The mean hookworm egg count increased steadily across the various periods, attributable to active transmission and ineffective deworming efforts targeting SAC (Table S1). This is in line with several studies reporting that the transmission dynamics of hookworm were higher among adults [35,36,37]. Hence, extending deworming to include this group increases the effectiveness of control strategies.

The findings from the systematic review suggest that M&E activities should target all age groups, not just SAC, with enhanced MDA treatment coverage data, which is verified by coverage surveys. In addition, progress has been made in reducing the prevalence and intensity of STHs, but a comprehensive intervention is crucial to sustaining gains. This includes higher MDA coverage levels, expanding treatment to the whole community, including adults, but also improvement in WaSH services to address reinfection.
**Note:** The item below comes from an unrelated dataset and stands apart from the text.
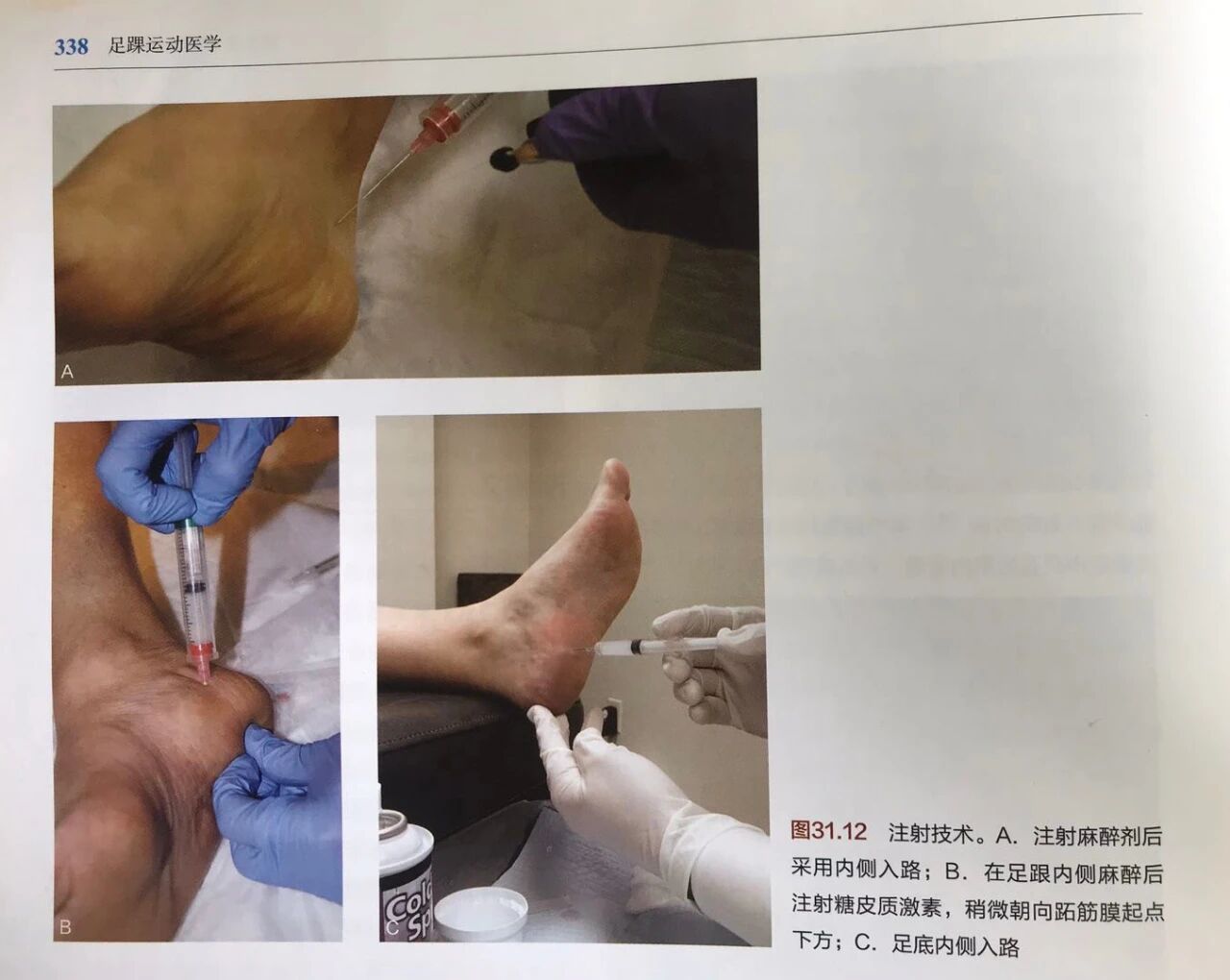 一般使用 1-1.5ml 的中效激素(如倍他米松 6mg/ml 或者地塞米松 4mg/ml 和醋酸甲泼尼龙 40mg/ml 的混合剂)从内侧或者足底内侧面注射到筋膜的起点上下方。

There were a limited number of published papers documenting STH infection levels in Gambella, Somali, Afar, Benishangul, Dire Dawa, Addis Abeba, and Harari, hindering comprehensive comparisons of trends in other regions of Ethiopia. Additionally, the significant heterogeneity regarding methodology, population groups, diagnostic methods, sampling strategies, and classifications of geographical settings may impact the comparisons of data gathered from different studies, despite employing random-effects analysis to account for variability. Furthermore, data on the intensity of infection, as opposed to prevalence, were scarce.